Kemal Kılıçdaroğlu'nun son açıklamaları, özellikle terör örgütleriyle ilgili kısmı, büyük bir tartışma konusu oldu. Açıklamaları neticesinde ortaya çıkan soruları cevaplamalı ve tutarsızlıklarını açıklamalıdır.
Su gibi aziz biri olduğu söylenebilir, ancak bazı noktaları gözden kaçırmış veya lafı nereye çekeceğini hesaplamamış olabilir:
1. Parti sözcüsü sussa bile, kemal kılıçdaroğlu'nun açıklamaları halktan kopuk bir görüntü yaratmıştır.
2. "Terörist" olarak tanımlanan kişiler, Türk vatandaşı ve TC hastanelerinde tedavi görüyor. Peki, bu vatandaşları terörist olarak tanımlayıp, hastanelere kabul etmeme veya ziyaretlerini kısıtlamayı düşünüyor mu?
3. Ziyarette bulunanlar, terör örgütü üyeleri değil mi? Eğer öyleyse, neden bu kişiler terörist olarak tanımlanıyor ve vatandaşlıktan çıkarılmıyor?

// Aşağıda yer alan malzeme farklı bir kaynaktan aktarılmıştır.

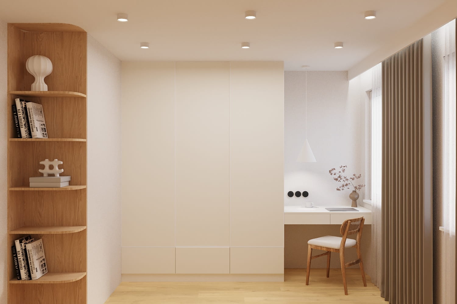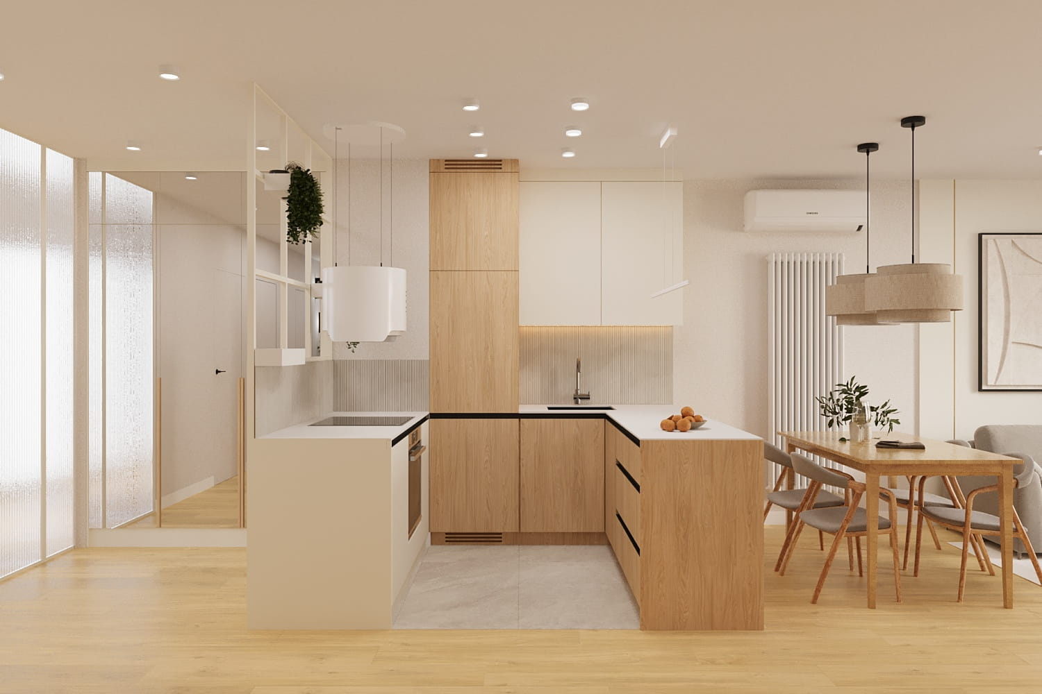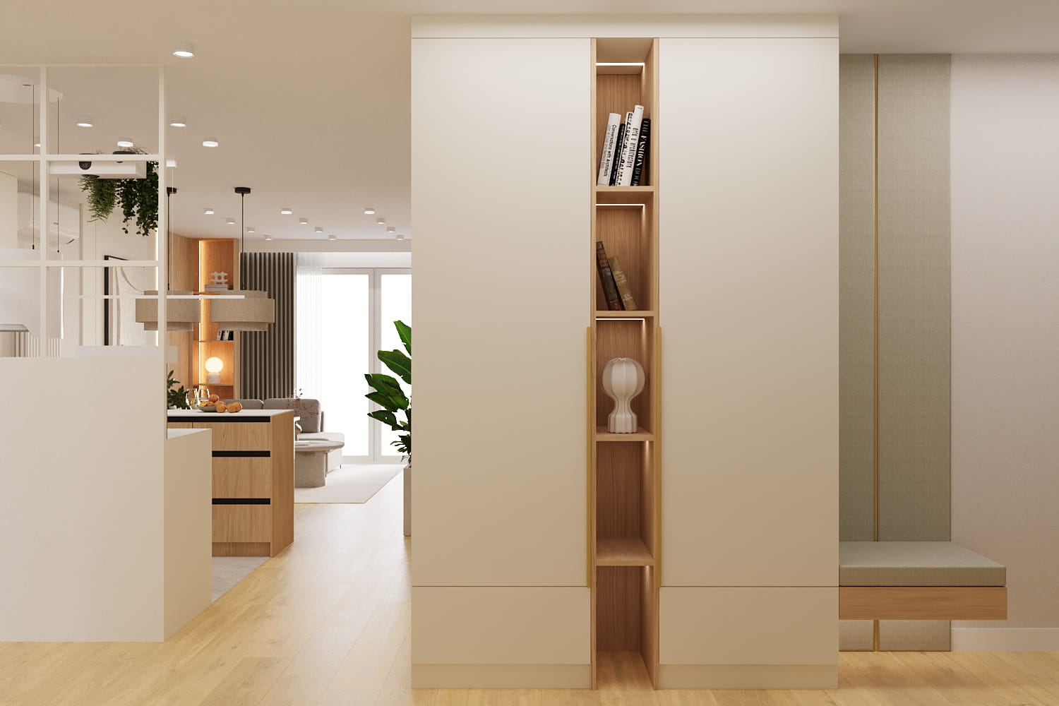 Wnętrze utrzymane jest w jasnej kolorystyce inspirowanej stylem Japandi, z dominacją bieli, szarości i naturalnego drewna. Mieszkanie jest doskonale doświetlone, a oświetlenie warstwowe pozwala na tworzenie funkcjonalnych i nastrojowych stref.

4. Oslo görüşmelerini, 14 yıllık AKP hükümeti mi yaptı, yoksa oto sanayideki Ahmet Usta mı? Bu görüşmelerin sorumluluğu kime ait?
Kemal Kılıçdaroğlu'nun açıklamalarının tam metni: “Biz hapiste hasta yatan PKK’lıya da gittik, DHKP-C’liye de, Kader Mahkûmlarına da, İslami kesimden kendisini tanımlayan hapiste yatan, sağlığı zor olan insanlara da gittik. Hiçbir ayrım yapmadık.”
Bu açıklama neticesinde, Kılıçdaroğlu'nun terör örgütleriyle ilgili tutumu ve açıklamaları tartışma yaratmıştır. Sorulara net cevaplar vermekten kaçınan bir tutum sergilemesi, muhalefet partisi lideri olarak sorumluluklarından kaçındığı izlenimini uyandırmaktadır.
Su gibi aziz biri olduğu söylenebilir, ancak bazı noktaları gözden kaçırmış veya lafı nereye çekeceğini hesaplamamış olabilir:
1. Parti sözcüsü sussa bile, kemal kılıçdaroğlu'nun açıklamaları halktan kopuk bir görüntü yaratmıştır.
2. "Terörist" olarak tanımlanan kişiler, Türk vatandaşı ve TC hastanelerinde tedavi görüyor. Peki, bu vatandaşları terörist olarak tanımlayıp, hastanelere kabul etmeme veya ziyaretlerini kısıtlamayı düşünüyor mu?
3. Ziyarette bulunanlar, terör örgütü üyeleri değil mi? Eğer öyleyse, neden bu kişiler terörist olarak tanımlanıyor ve vatandaşlıktan çıkarılmıyor?
4. Oslo görüşmelerini, 14 yıllık AKP hükümeti mi yaptı, yoksa oto sanayideki Ahmet Usta mı? Bu görüşmelerin sorumluluğu kime ait?
Kemal Kılıçdaroğlu'nun açıklamalarının tam metni: “Biz hapiste hasta yatan PKK’lıya da gittik, DHKP-C’liye de, Kader Mahkûmlarına da, İslami kesimden kendisini tanımlayan hapiste yatan, sağlığı zor olan insanlara da gittik. Hiçbir ayrım yapmadık.”
Bu açıklama neticesinde, Kılıçdaroğlu'nun terör örgütleriyle ilgili tutumu ve açıklamaları tartışma yaratmıştır. Sorulara net cevaplar vermekten kaçınan bir tutum sergilemesi, muhalefet partisi lideri olarak sorumluluklarından kaçındığı izlenimini uyandırmaktadır.